___ DATASET CONTENT ___
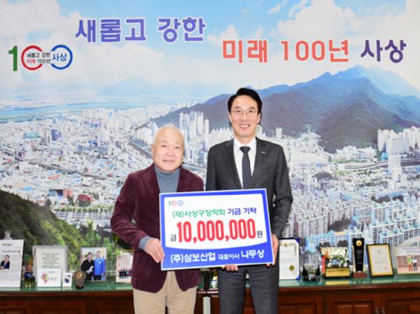 부산시 사상구는 ㈜삼보산업이 3일 구청을 방문해 (재)부산사상구장학회에 지역인재육성을 위한 장학기금 1천만원을 기탁했다고 밝혔다.
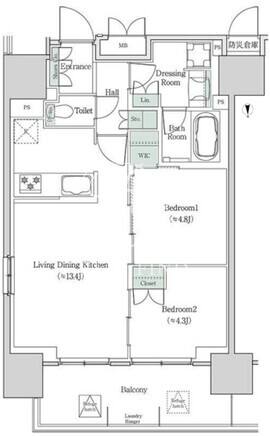 | 部屋詳細 | LDK13.4帖/洋室4.8帖/洋室4.3帖 | ||
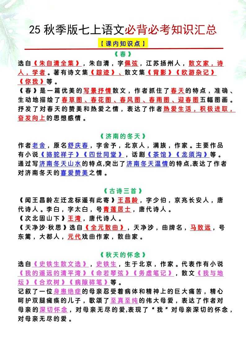 【2025秋新版】七上语文必背必考知识汇总 【2025秋新版】七上语文必背必考知识汇总
___
__EXERCISE DETAILS__:
Omit the images; transcribe the listing verbatim.

__ANSWER SECTION__:
 부산시 사상구는 ㈜삼보산업이 3일 구청을 방문해 (재)부산사상구장학회에 지역인재육성을 위한 장학기금 1천만원을 기탁했다고 밝혔다.
 | 部屋詳細 | LDK13.4帖/洋室4.8帖/洋室4.3帖 | ||
 【2025秋新版】七上语文必背必考知识汇总 【2025秋新版】七上语文必背必考知识汇总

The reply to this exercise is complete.